Educators can incorporate data-generated student assessments and predictions to support their independent decision-making. As Ryan Baker memorably writes, “stupid” tutoring systems can be crafted to inform, rather than replace, “intelligent” human decision-making. 38 Many platforms currently in use are primarily oriented at detecting and presenting these patterns to educators. Alt-schools, for example, constantly monitor classrooms to collect digital, audio, and visual information about student interactions and behavior. 39 Teachers rely heavily on computer analytics to make sense of this data, still decide what students need next.
Personalized platforms
In contrast to data-informed decision-making, data-driven education systems do not support; but supplant human decisions. Instead, computers “personalize” learning automatically by evaluating instructional options in light of students' profiles and delivering content accordingly. 40 In doing so, they try to mimic the way that teachers adapt to student needs in physical settings.
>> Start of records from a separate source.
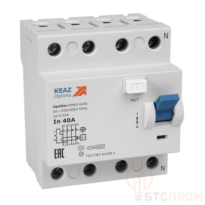 4 полюсное устройство защитного отключения на номинальный ток 25 А, номинальный отключающий дифференциальный ток 30 мА и рабочее напряжение переменного тока 400 В.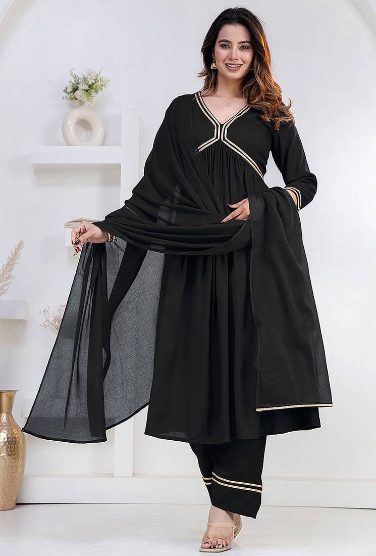 • Fabric : Rayon • Color : Black • Style : Palazzo • Color : Black Dupatta Details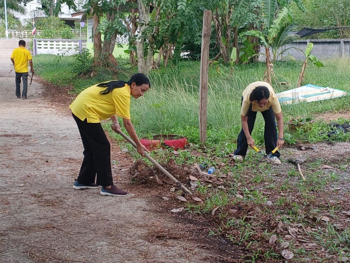 นางชุติมา พูลเกิด ผู้อำนวยการศูนย์ส่งเสริมการเรียนรู้ระดับอำเภอบางกล่ำ พร้อมกับครูและบุคลากร ร่วมกันจิตอาสาพัฒนาทำความสะอาด

Computers can customize instruction in several ways.32,41,42 Some adaptive systems deliver different material, for example a review of concepts as opposed to practice problems, based on student responses. Others let students advance through subject matter at their own pace.32,41,43–46 At Summit schools, for example, students work on a specific concept until they master it, independent of their classmates' progress. 39 At their most sophisticated, “intelligent tutoring” platforms do more than lead students through pre-determined pathways.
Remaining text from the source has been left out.